Priority table or Cache table
Hi,
I want to propose a new feature called "priority table" or "cache table".
This is same as regular table except the pages of these tables are having
high priority than normal tables. These tables are very useful, where a
faster query processing on some particular tables is expected.
The same faster query processing can be achieved by placing the tables on a
tablespace of ram disk. In this case there is a problem of data loss in
case of system shutdown. To avoid this there is a need of continuous backup
of this tablespace and WAL files is required. The priority table feature
will solve these problems by providing the similar functionality.
User needs a careful decision in deciding how many tables which require a
faster access, those can be declared as priority tables and also these
tables should be in small in both number of columns and size.
New syntax:
create [priority] Table ...;
or
Create Table .. [ buffer_pool = priority | default ];
By adding a new storage parameter of buffer_pool to specify the type of
buffer pool this table can use.
The same can be extended for index also.
Solution -1:
This solution may not be a proper one, but it is simple. So while placing
these table pages into buffer pool, the usage count is changed to double
max buffer usage count instead of 1 for normal tables. Because of this
reason there is a less chance of these pages will be moved out of buffer
pool. The queries which operates on these tables will be faster because of
less I/O. In case if the tables are not used for a long time, then only the
first query on the table will be slower and rest of the queries are faster.

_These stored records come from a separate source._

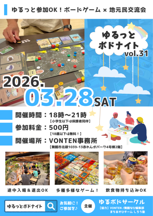 【ゆるっとボドナイト】舞鶴発!”楽しく遊ぶだけ”地域交流型ボードゲーム会
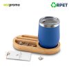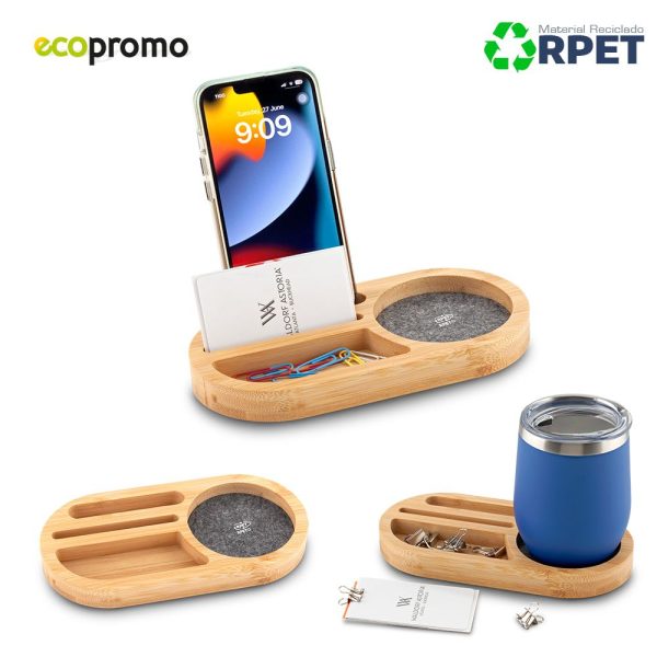 Soporte para móviles con portavasos y organizador. En bambú y poliéster reciclado RPET.
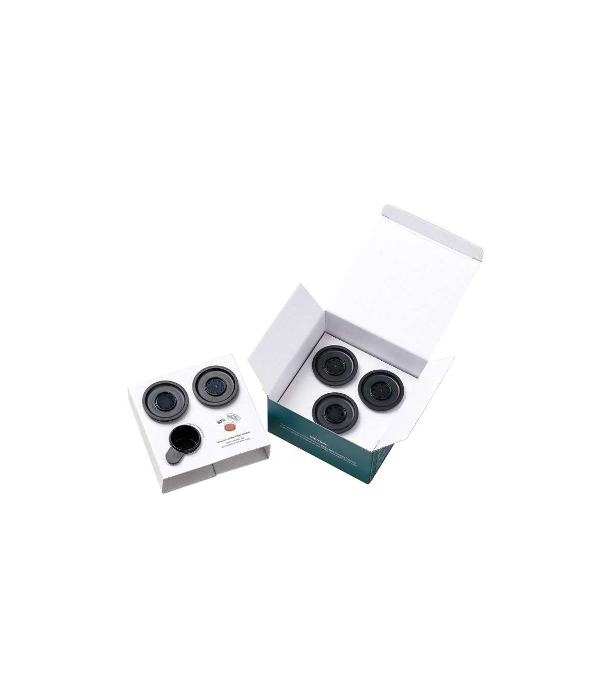 The set comes with a practical measuring cup, which allows you to precisely measure a portion of ground coffee. Its additional function is the ability to whisk the contents in the filter, which contributes to better extraction and a fuller taste of the brew. It is worth remembering that the basic set of accessories - including one filter and a measuring cup - is already included with the Outin Nano coffee maker, so this set is worth choosing when you need more filters to spare.
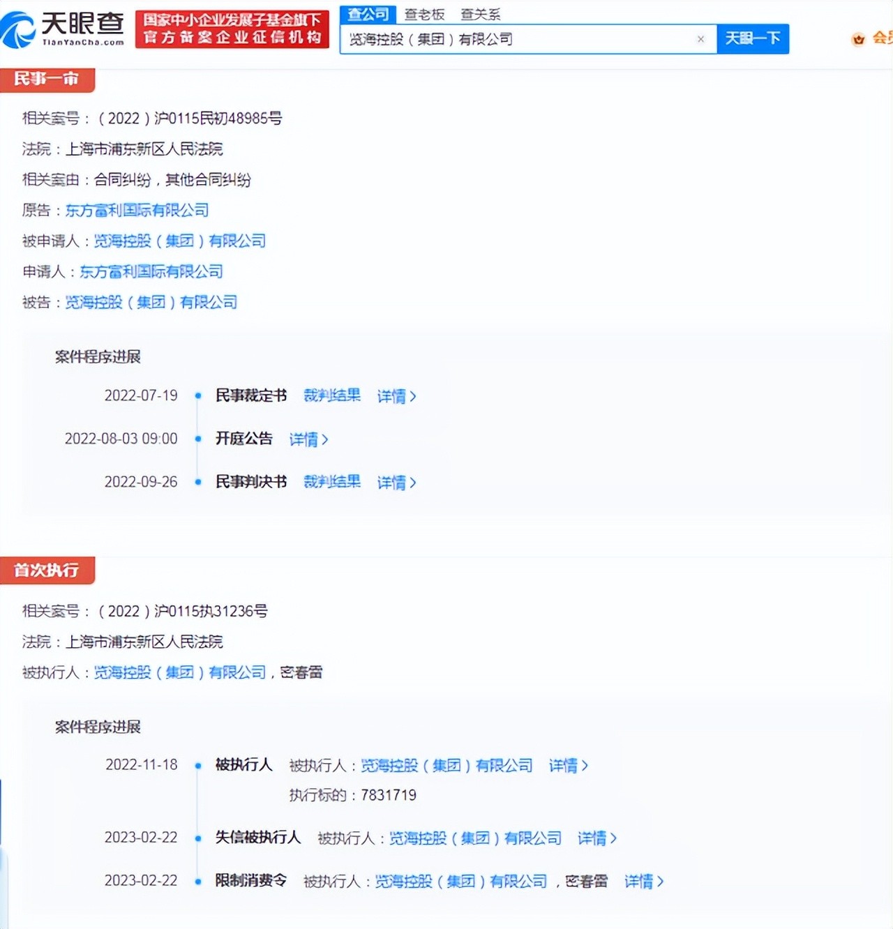 截至目前,览海控股已被多次执行,执行标的超9亿元。另外,早在2022年7月,密春雷旗下上市公司览海医疗就已被上交所予以摘牌。
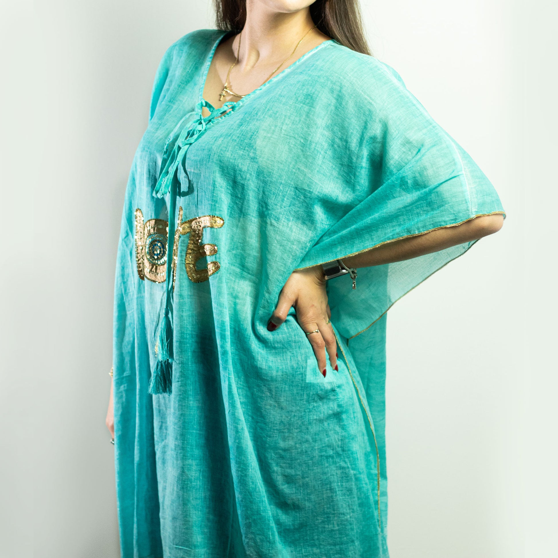 Este modelo turquesa con la palabra LOVE en dorado no solo es visualmente poderoso, sino también simbólico. Está pintado a mano y confeccionado en algodón suave, ideal para quienes valoran la belleza con propósito y buscan prendas ligeras, cómodas y con significado.
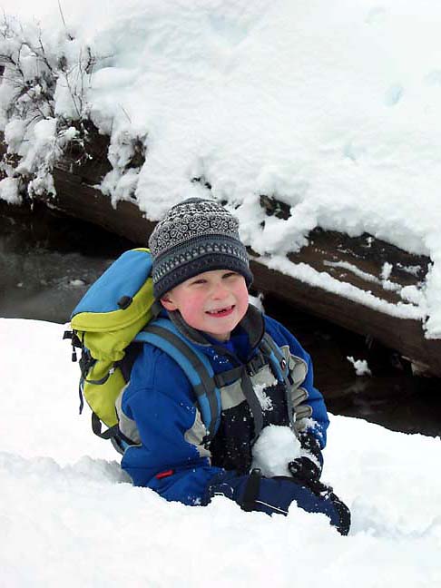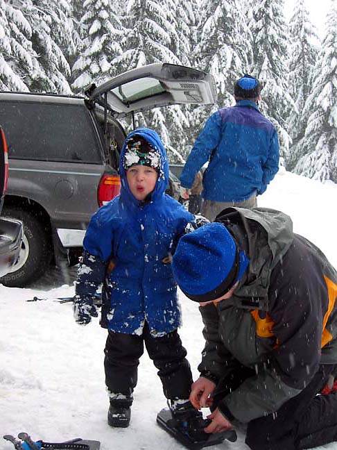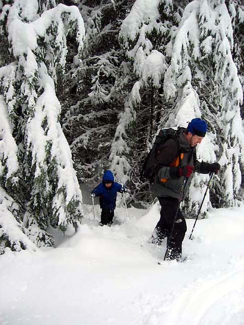 Gavin is snowshoeing great! Here he is, following in his daddy's footsteps!
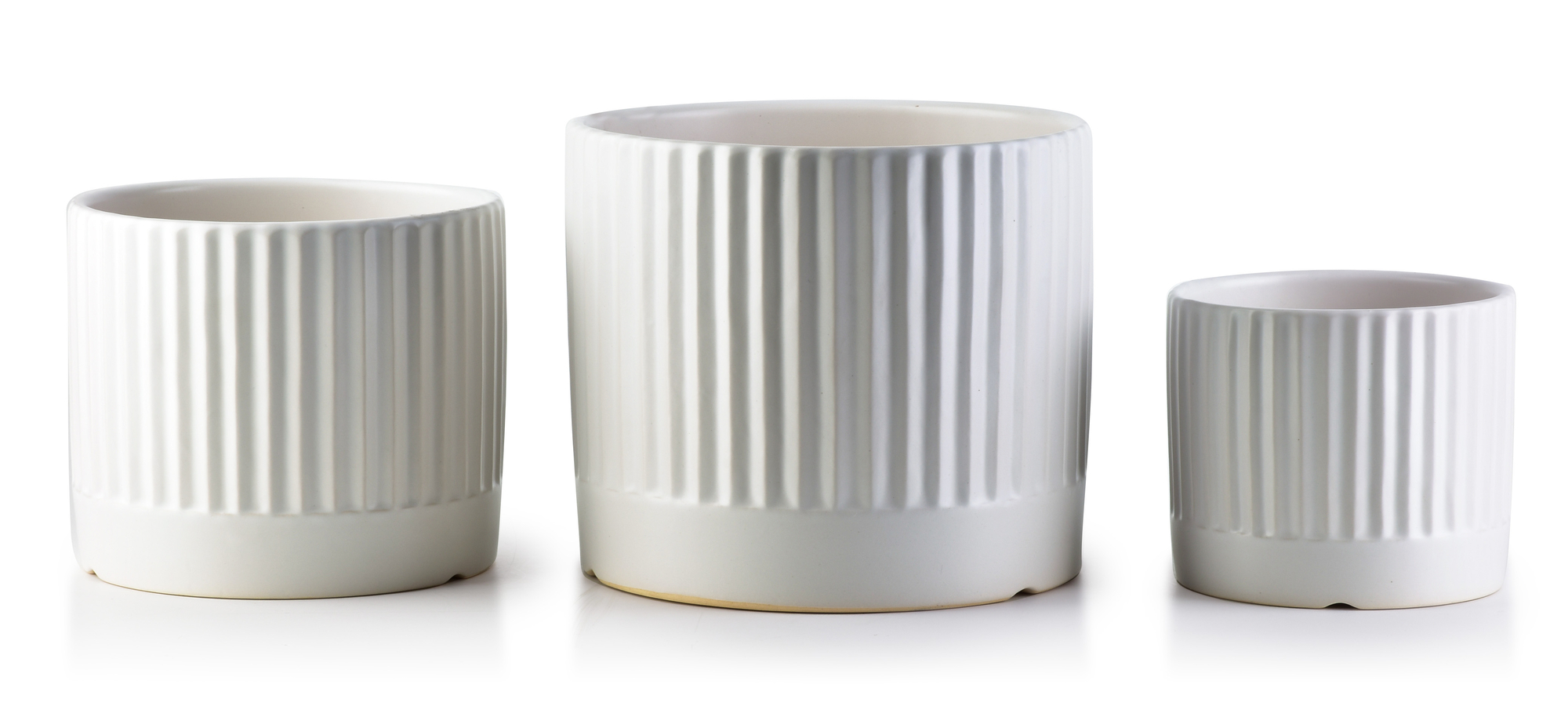 Komplet 3 osłonek z otworem (plus silikonowa zatyczka) z serii NEVA marki MONDEX since 1986r. Dekoracyjna osłonka na doniczkę w kolorze białym matowym w pionowe tłoczone prążki. - wykonana z ceramiki wysokiej jakości...

Just for test, a new bool member can be added to RELFILENODE structure to
indicate the table type is priority or not. Using this while loading the
page the usage count can be modified.
The pg_buffercache output of a priority table:
postgres=# select * from pg_buffercache where relfilenode=16385;
bufferid | relfilenode | reltablespace | reldatabase | relforknumber |
relblocknumber | isdirty | usagecount
-----------+---------------+-------------------+-----------------+--------------------+---------------------+---------+------------
270 | 16385 | 1663 | 12831 |
0 | 0 | t | 10
Solution - 2:
By keeping an extra flag in the buffer to know whether the buffer is used
for a priority table or not? By using this flag while replacing a buffer
used for priority table some extra steps needs to be taken care like
1. Only another page of priority table can replace this priority page.
2. Only after at least two complete cycles of clock sweep, a normal table
page can replace this.
In this case the priority buffers are present in memory for long time as
similar to the solution-1, but not guaranteed always.
Solution - 3:
Create an another buffer pool called "priority buffer pool" similar to
shared buffer pool to place the priority table pages. A new guc parameter
called "priority_buffers" can be added to the get the priority buffer pool
size from the user. The Maximum limit of these buffers can be kept smaller
value to make use of it properly.
As an extra care, whenever any page needs to move out of the priority
buffer pool a warning is issued, so that user can check whether the
configured the priority_buffers size is small or the priority tables are
grown too much as not expected?
In this case all the pages are always loaded into memory thus the queries
gets the faster processing.
IBM DB2 have the facility of creating one more buffer pools and fixing
specific tables and indexes into them. Oracle is also having a facility to
specify the buffer pool option as keep or recycle.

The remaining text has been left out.